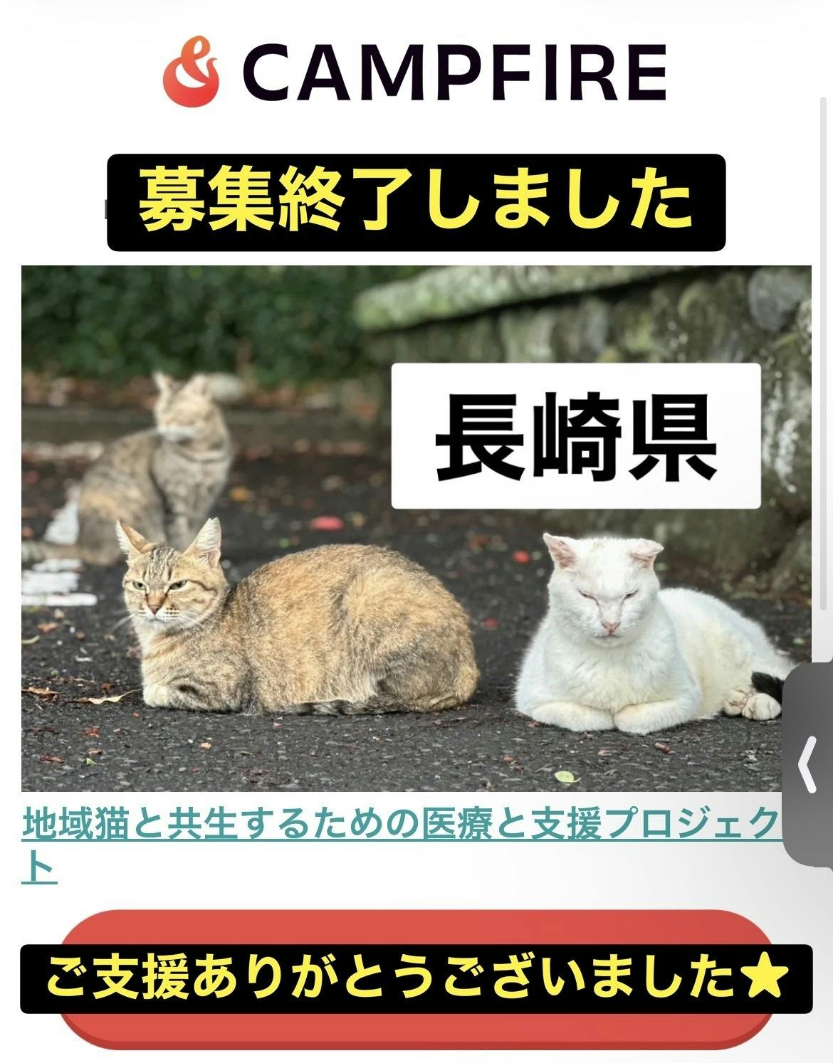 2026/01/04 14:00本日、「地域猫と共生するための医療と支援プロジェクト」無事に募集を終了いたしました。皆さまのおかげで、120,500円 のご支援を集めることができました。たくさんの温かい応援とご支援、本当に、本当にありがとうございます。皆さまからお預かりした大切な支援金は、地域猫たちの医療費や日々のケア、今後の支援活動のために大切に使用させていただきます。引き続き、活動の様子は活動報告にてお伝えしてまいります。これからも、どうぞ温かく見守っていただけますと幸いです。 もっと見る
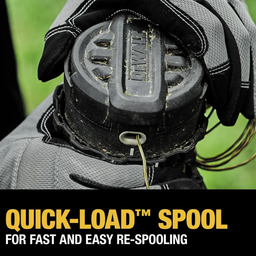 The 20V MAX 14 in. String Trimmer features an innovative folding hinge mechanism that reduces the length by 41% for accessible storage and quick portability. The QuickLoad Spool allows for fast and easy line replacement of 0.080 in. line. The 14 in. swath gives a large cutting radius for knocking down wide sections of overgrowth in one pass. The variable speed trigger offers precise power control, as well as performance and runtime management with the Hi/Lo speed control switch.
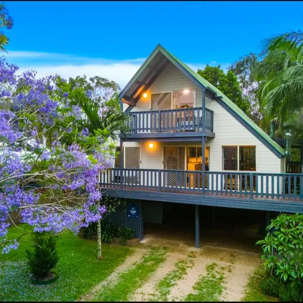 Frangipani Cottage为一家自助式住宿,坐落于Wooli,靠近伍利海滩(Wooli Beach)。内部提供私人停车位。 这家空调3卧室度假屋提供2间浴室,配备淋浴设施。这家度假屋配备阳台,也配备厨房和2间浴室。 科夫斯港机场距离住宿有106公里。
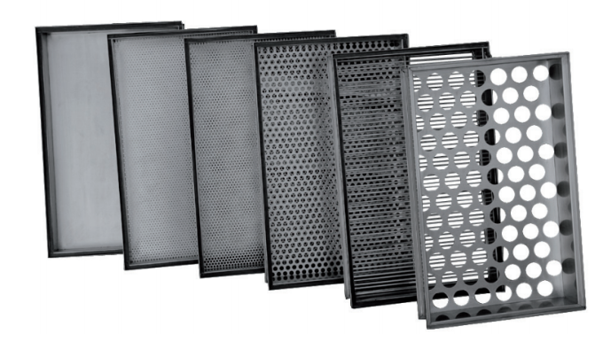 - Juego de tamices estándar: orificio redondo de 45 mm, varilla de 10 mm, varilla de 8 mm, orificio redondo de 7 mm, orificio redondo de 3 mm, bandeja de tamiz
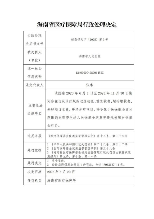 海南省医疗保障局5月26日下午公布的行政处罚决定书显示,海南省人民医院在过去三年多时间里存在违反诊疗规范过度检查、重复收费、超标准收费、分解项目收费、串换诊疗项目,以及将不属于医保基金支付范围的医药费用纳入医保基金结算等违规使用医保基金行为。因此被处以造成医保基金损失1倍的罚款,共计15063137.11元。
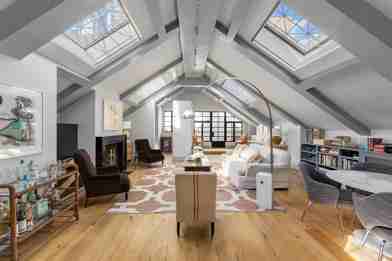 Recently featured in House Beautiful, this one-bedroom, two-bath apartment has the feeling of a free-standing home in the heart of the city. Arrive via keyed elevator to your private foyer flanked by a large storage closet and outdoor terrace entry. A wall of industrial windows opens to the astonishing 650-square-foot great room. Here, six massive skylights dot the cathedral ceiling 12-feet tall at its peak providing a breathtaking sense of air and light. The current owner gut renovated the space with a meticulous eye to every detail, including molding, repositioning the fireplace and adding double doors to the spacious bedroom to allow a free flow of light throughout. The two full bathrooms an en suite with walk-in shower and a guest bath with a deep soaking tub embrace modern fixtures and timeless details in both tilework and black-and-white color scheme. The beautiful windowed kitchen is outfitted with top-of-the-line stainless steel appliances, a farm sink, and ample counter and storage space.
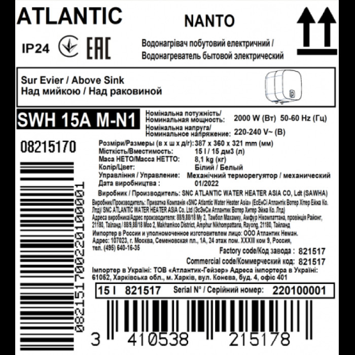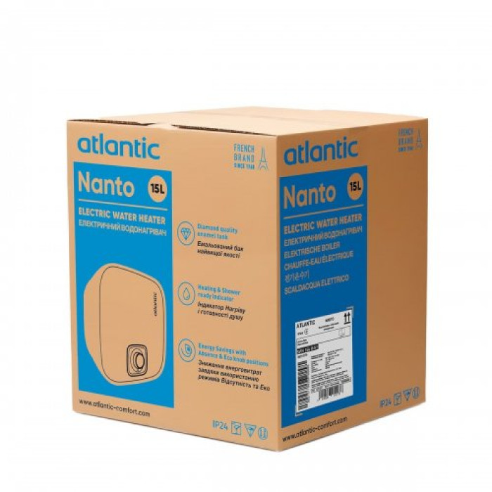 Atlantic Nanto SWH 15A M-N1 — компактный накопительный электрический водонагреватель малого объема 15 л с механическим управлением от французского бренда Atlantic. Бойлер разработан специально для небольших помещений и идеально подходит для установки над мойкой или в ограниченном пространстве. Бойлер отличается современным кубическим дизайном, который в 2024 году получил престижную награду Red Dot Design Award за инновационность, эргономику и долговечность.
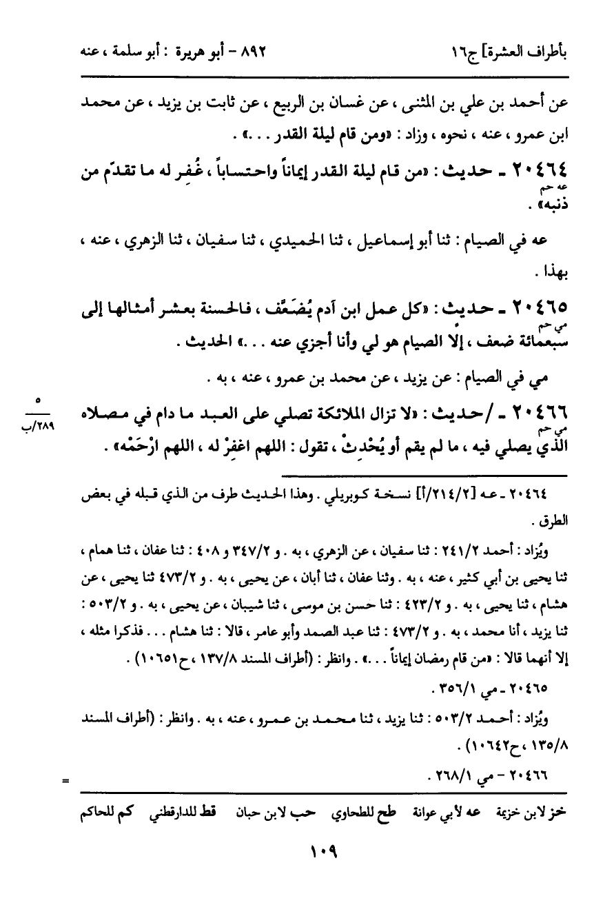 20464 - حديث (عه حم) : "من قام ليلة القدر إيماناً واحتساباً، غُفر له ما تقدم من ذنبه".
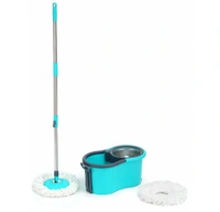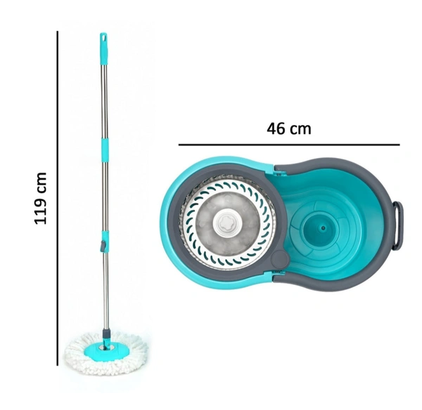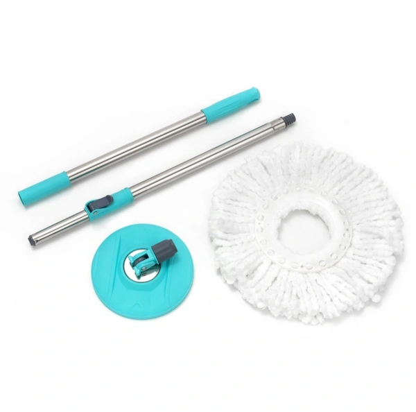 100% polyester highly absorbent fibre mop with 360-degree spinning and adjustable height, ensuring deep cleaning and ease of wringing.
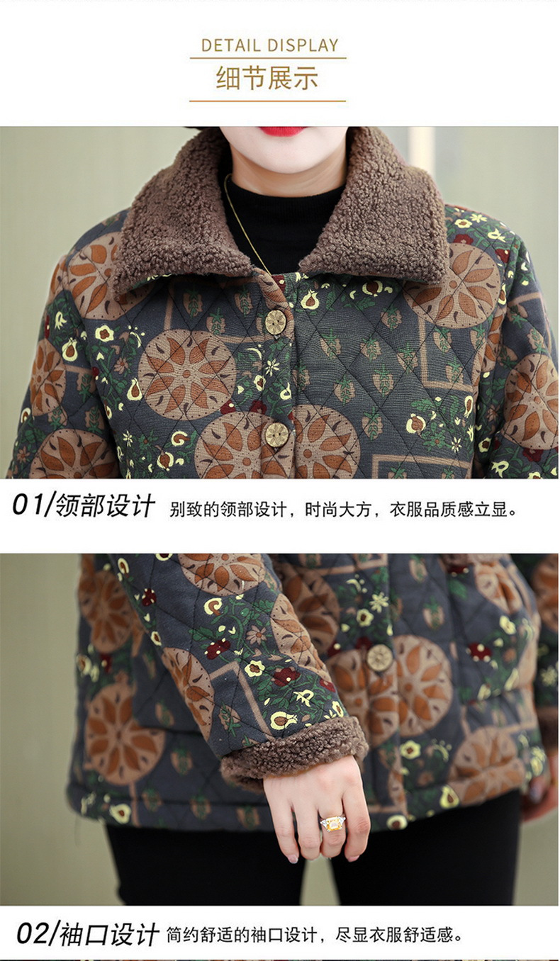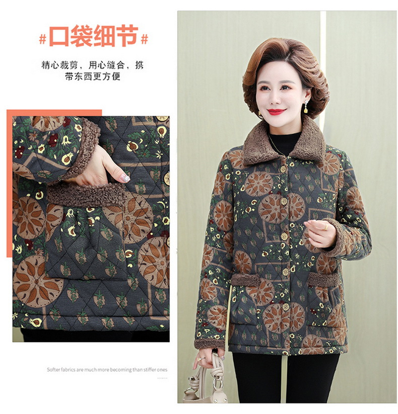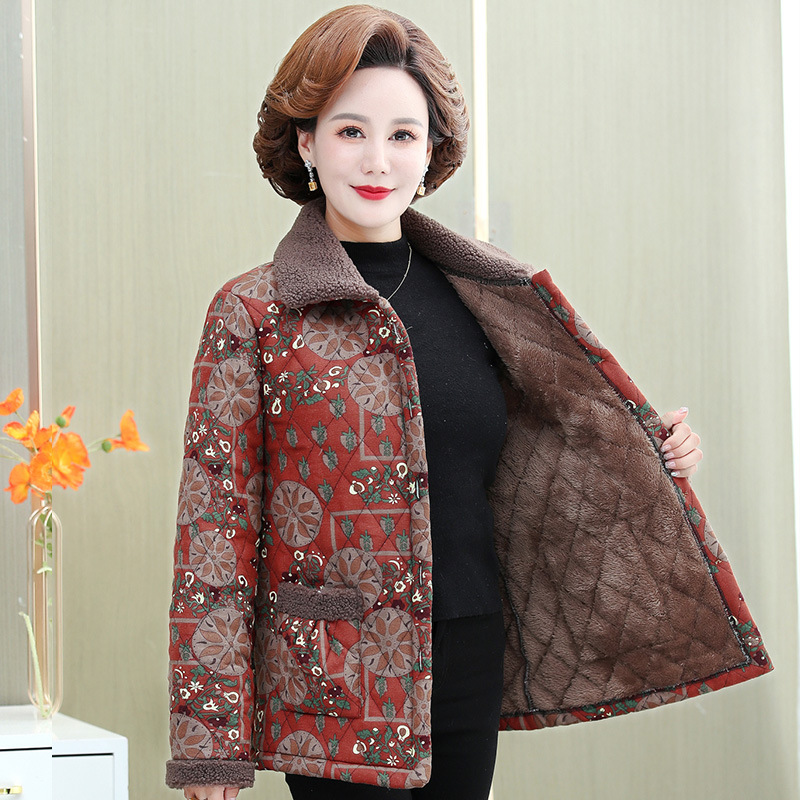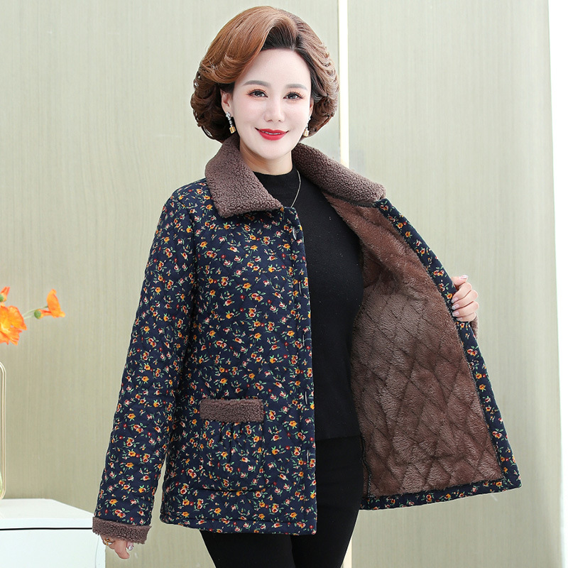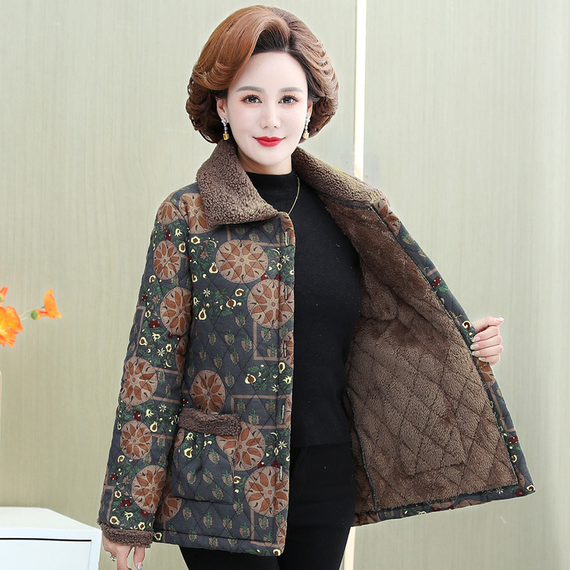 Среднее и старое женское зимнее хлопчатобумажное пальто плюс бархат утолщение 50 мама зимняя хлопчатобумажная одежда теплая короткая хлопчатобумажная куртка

+ + + + + + +

## TASK STATEMENT
When you transcribe the lines above, keep every word exact but leave the pictures behind.

## ANSWER AREA
 2026/01/04 14:00本日、「地域猫と共生するための医療と支援プロジェクト」無事に募集を終了いたしました。皆さまのおかげで、120,500円 のご支援を集めることができました。たくさんの温かい応援とご支援、本当に、本当にありがとうございます。皆さまからお預かりした大切な支援金は、地域猫たちの医療費や日々のケア、今後の支援活動のために大切に使用させていただきます。引き続き、活動の様子は活動報告にてお伝えしてまいります。これからも、どうぞ温かく見守っていただけますと幸いです。 もっと見る
 The 20V MAX 14 in. String Trimmer features an innovative folding hinge mechanism that reduces the length by 41% for accessible storage and quick portability. The QuickLoad Spool allows for fast and easy line replacement of 0.080 in. line. The 14 in. swath gives a large cutting radius for knocking down wide sections of overgrowth in one pass. The variable speed trigger offers precise power control, as well as performance and runtime management with the Hi/Lo speed control switch.
 Frangipani Cottage为一家自助式住宿,坐落于Wooli,靠近伍利海滩(Wooli Beach)。内部提供私人停车位。 这家空调3卧室度假屋提供2间浴室,配备淋浴设施。这家度假屋配备阳台,也配备厨房和2间浴室。 科夫斯港机场距离住宿有106公里。
 - Juego de tamices estándar: orificio redondo de 45 mm, varilla de 10 mm, varilla de 8 mm, orificio redondo de 7 mm, orificio redondo de 3 mm, bandeja de tamiz
 海南省医疗保障局5月26日下午公布的行政处罚决定书显示,海南省人民医院在过去三年多时间里存在违反诊疗规范过度检查、重复收费、超标准收费、分解项目收费、串换诊疗项目,以及将不属于医保基金支付范围的医药费用纳入医保基金结算等违规使用医保基金行为。因此被处以造成医保基金损失1倍的罚款,共计15063137.11元。
 Recently featured in House Beautiful, this one-bedroom, two-bath apartment has the feeling of a free-standing home in the heart of the city. Arrive via keyed elevator to your private foyer flanked by a large storage closet and outdoor terrace entry. A wall of industrial windows opens to the astonishing 650-square-foot great room. Here, six massive skylights dot the cathedral ceiling 12-feet tall at its peak providing a breathtaking sense of air and light. The current owner gut renovated the space with a meticulous eye to every detail, including molding, repositioning the fireplace and adding double doors to the spacious bedroom to allow a free flow of light throughout. The two full bathrooms an en suite with walk-in shower and a guest bath with a deep soaking tub embrace modern fixtures and timeless details in both tilework and black-and-white color scheme. The beautiful windowed kitchen is outfitted with top-of-the-line stainless steel appliances, a farm sink, and ample counter and storage space.
 Atlantic Nanto SWH 15A M-N1 — компактный накопительный электрический водонагреватель малого объема 15 л с механическим управлением от французского бренда Atlantic. Бойлер разработан специально для небольших помещений и идеально подходит для установки над мойкой или в ограниченном пространстве. Бойлер отличается современным кубическим дизайном, который в 2024 году получил престижную награду Red Dot Design Award за инновационность, эргономику и долговечность.
 20464 - حديث (عه حم) : "من قام ليلة القدر إيماناً واحتساباً، غُفر له ما تقدم من ذنبه".
 100% polyester highly absorbent fibre mop with 360-degree spinning and adjustable height, ensuring deep cleaning and ease of wringing.
 Среднее и старое женское зимнее хлопчатобумажное пальто плюс бархат утолщение 50 мама зимняя хлопчатобумажная одежда теплая короткая хлопчатобумажная куртка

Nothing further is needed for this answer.